她往我身后看了一眼,确认月洞门那边没有人跟过来,才压着嗓音开口说:“方才我在廊下晾香灰,隔着半道墙都看见了。”她说着低头看了一眼我的手腕,那圈红痕在日光里还没完全褪,在她眼底映成一抹微微蹙起的关心。她没有碰它,可她的目光像一块被热水浸过的帕子,轻轻地熨过那圈印记,“二少爷那个人……他正事不爱干,可对他上心的东西,他一向追得紧。从前府里有个账房的女儿,生得齐整,被他看上了。人家不愿意,他便隔三差五去堵人。最后那姑娘家里怕出事,连夜搬走了,连月钱都没领。这事府里老人儿都知道,只是没人摆在明面上说。”
我站在廊下的阴影里,背靠着廊柱,阳光从廊檐的缝隙里漏下来落在我的鞋尖上。素心的目光在我脸上停了一停,确认我没有被吓住之后才继续往下说:“还有一桩。前两年有个在二少爷院里伺候的丫鬟,年纪比你大几岁。她原是安分做活的,二少爷不知怎么就瞧上了,硬要收房。那丫鬟不肯,哭了好几回。后来不知道用了什么法子,二少爷把她的卖身契捏在了手里,她没法子,只能应了。可过了一年便被二少爷厌了,打发去了庄子上,再也没有回来过。”她说到这里停住了,大约是觉得再说下去那些旧事会太重。她攥着我袖口的手指松了松,又轻轻捏了一下,“我就是想让你知道,二少爷那个人不是随随便便打发几句就能过去的。你如今在三公子那边,他更不会痛快。他看你的那个眼神……我隔着一道墙都觉着发寒。”她把自己带来的那只小瓷瓶往我手心里一放,“回去抹一抹。手要爱惜。”她说完便端着香灰罐子走了。

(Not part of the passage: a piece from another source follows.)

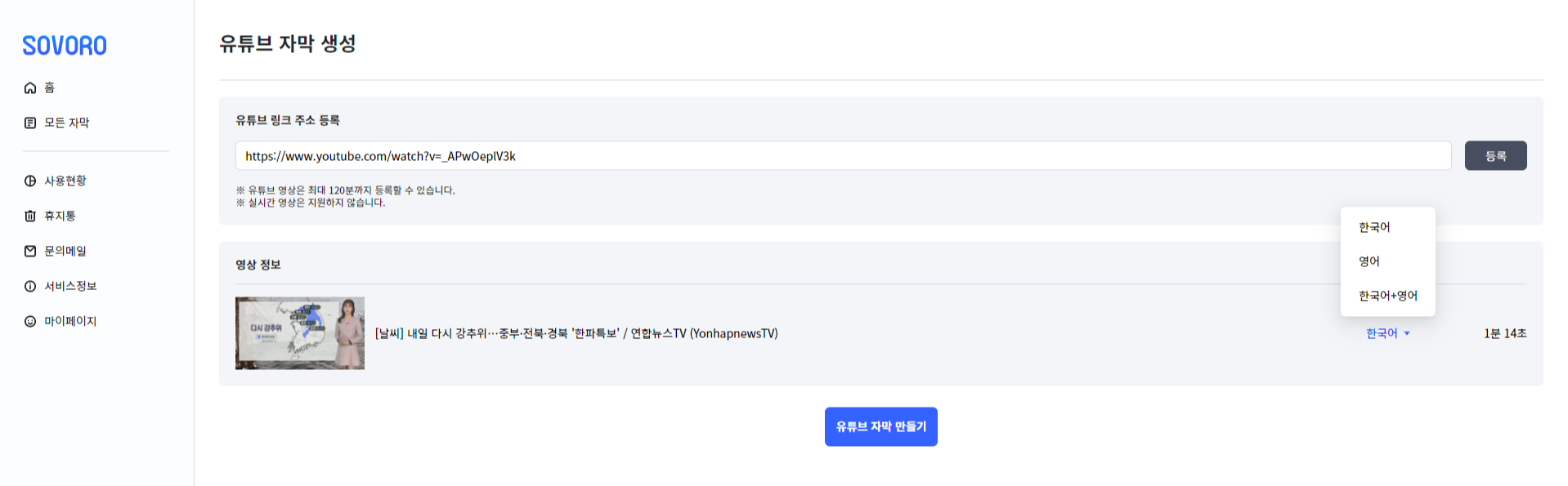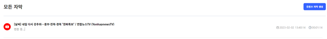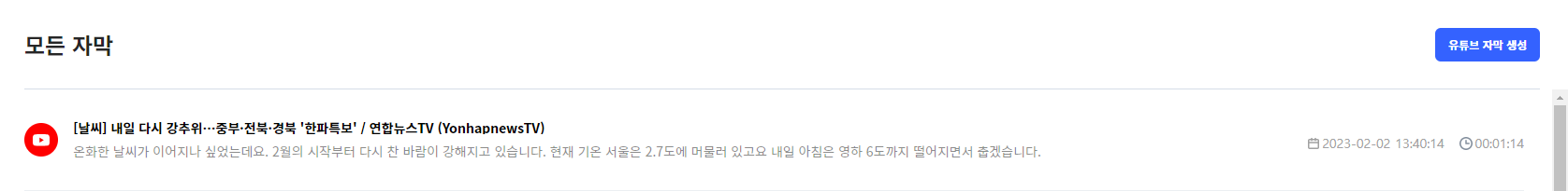 하단에 '유튜브 자막 만들기' 버튼 클릭!

我站在原地,手里攥着那只小瓷瓶。瓷瓶是温的,被她揣在怀里焐了一路,透过瓶壁透出来的温度像是她替我攥着的那份没有说出口的担忧。我把瓷瓶收进袖中,穿过院子走进了暖阁。
老夫人正靠在窗台上择一把新摘的枸杞叶,一片一片地掐着老梗。我走进去的时候她没有抬头,可她的手停了一下,像一片在水面上漂着的叶子忽然碰上了什么。她放下了手里那根还没择完的梗,慢慢抬起眼来。她的目光先落在我脸上,像一双手在检查一件瓷器有没有裂痕,从我的眉眼滑到下颌,又落回我的眼睛上,端详了许久才往下移到我的手腕上。那圈红痕在日光里已经淡了,可老夫人的目光像一把用惯了的旧尺子,量过太多东西,隔着半间暖阁的光线都看见了。她把手里的枸杞叶搁在案上,声音不高不低的:“过来。”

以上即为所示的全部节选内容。